When ChatGPT is asked to produce an in-context summary, the model has as its context both the command (e.g., "summarize this text:") and the excerpted text to be summarized. This means the model applies its attention mechanism to the actual text it is asked to summarize. As a consequence, the model identifies information from the text, which it can use to produce the summary output. Thus, if ChatGPT produces an accurate summary in the in-context scenario, it is difficult to know what information in the summary is informed by training data versus the text in the user's prompt.
This differs from when ChatGPT is prompted to produce an out-of-context summary, which is the type of summary the plaintiffs are relying on to make their claims, which include an assertion that GPT ingested their books as part of training (and not that the book texts were inserted as part of a user's prompt). In an exhibit to the Complaint, the plaintiffs provide copies of prompts requesting summaries of plaintiffs' books and summaries, which they allege prove GPT was trained on the plaintiffs' works.
For example, one prompt is: "Summarize in detail the beginning of 'Sandman Slim' by [plaintiff] Richard Kadrey" (and no other context is provided). ChatGPT responds, in part, as follows: "The novel begins with the protagonist, James Stark, returning to Earth after 11 years of enforced residency in Hell, during which he was the only living human". If this summary is accurate, as the plaintiffs claim (Compl. ¶ 42), where is that information coming from?
A reasonable inference is that this information is captured somehow in the model's weights (parameters adjusted during training that affect the different levels of importance the model assigns to input features). Assuming the version of ChatGPT the plaintiffs used to produce these summaries did not retrieve content related to the books at runtime and consider it in its context, the only words the model is attending to at the outset are the words within the prompt — the request, the level of detail, the part of the book to summarize, the title of the book and the author — but this prompt does not provide any further information about the book itself. Put simply, the model is not directly attending to the text inside the book "Sandman Slim" because it was not part of the user's prompt.
If the information in the summary is captured somehow in the model's weights, there is a further question of where this information came from.
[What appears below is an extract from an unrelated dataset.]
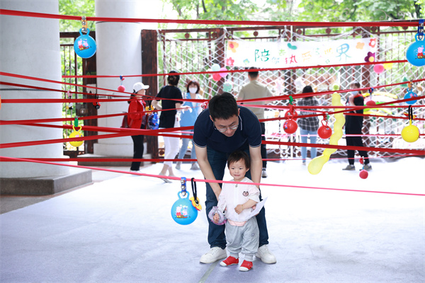 在寶寶屋室內專場,有的爸爸帶寶寶在“小廚房”里扮家家燒飯、打掃、做家務;有的陪寶寶在“小臥室”里裝扮自己、整理衣物;還有的帶著寶寶們在“小書房”翻閱圖畫書,享受親子閱讀帶來的快樂;在戶外大草坪、噴泉池,吹泡泡、解救小動物、涂鴉迷宮、捕魚小達人等互動游戲,讓爸爸們享受與孩子的親密時光。靜安區早教研究指導中心的老師現場指導爸爸們科學地觀察寶寶如何與環境互動,指導新手父親身體力行地參與育兒,充分了解、掌握孩子早期能力的培養方式。
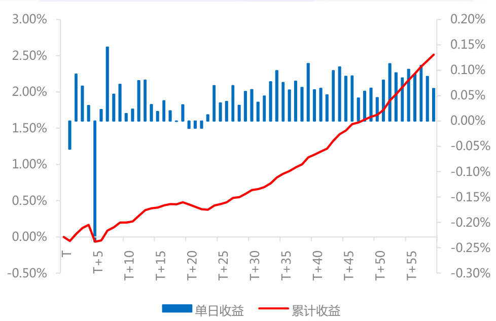 - 以披露日为T日,假设在T+1日开盘价买入,持有60个交易日,初步显示此类股票存在显著超额收益(累计涨幅可达2.5%)。

One possibility, cited by the plaintiffs, is that GPT was trained on the plaintiffs' copyrighted works. (Compl. ¶ 5.) As another possibility, GPT could have been trained on a large number of reviews or plot summaries found on the internet (not written by Kadrey) of Kadrey's book, including summaries that break down the book chapter by chapter (just as humans could provide a summary of a book without reading the actual book, simply through reading others' summaries of the book on the internet).
In fact, 85% of GPT-3's training data originates from online content, opens new tab (Common Crawl, WebText2 and English- language Wikipedia datasets), so it is certainly possible these datasets contained accurate summaries of the books (not written by the plaintiffs) and that these were ingested during training.
Silverman v. OpenAI is one of the first major copyright cases to claim that the generation of text based on a particular prompt request (e.g., summarization) can dispositively prove that certain data must have been ingested as part of the training process. Defendants have not sought dismissal at the pleading stage of the plaintiffs' allegations of direct copyright infringement, so these questions will be resolved at a later stage when Defendants can raise defenses such as fair use, as well as address the conclusions plaintiffs are drawing from the evidence presented.
In navigating these questions of fact and law, knowledge of the function of the underlying technology is essential in order to understand what conclusions can — and cannot — be drawn with full confidence.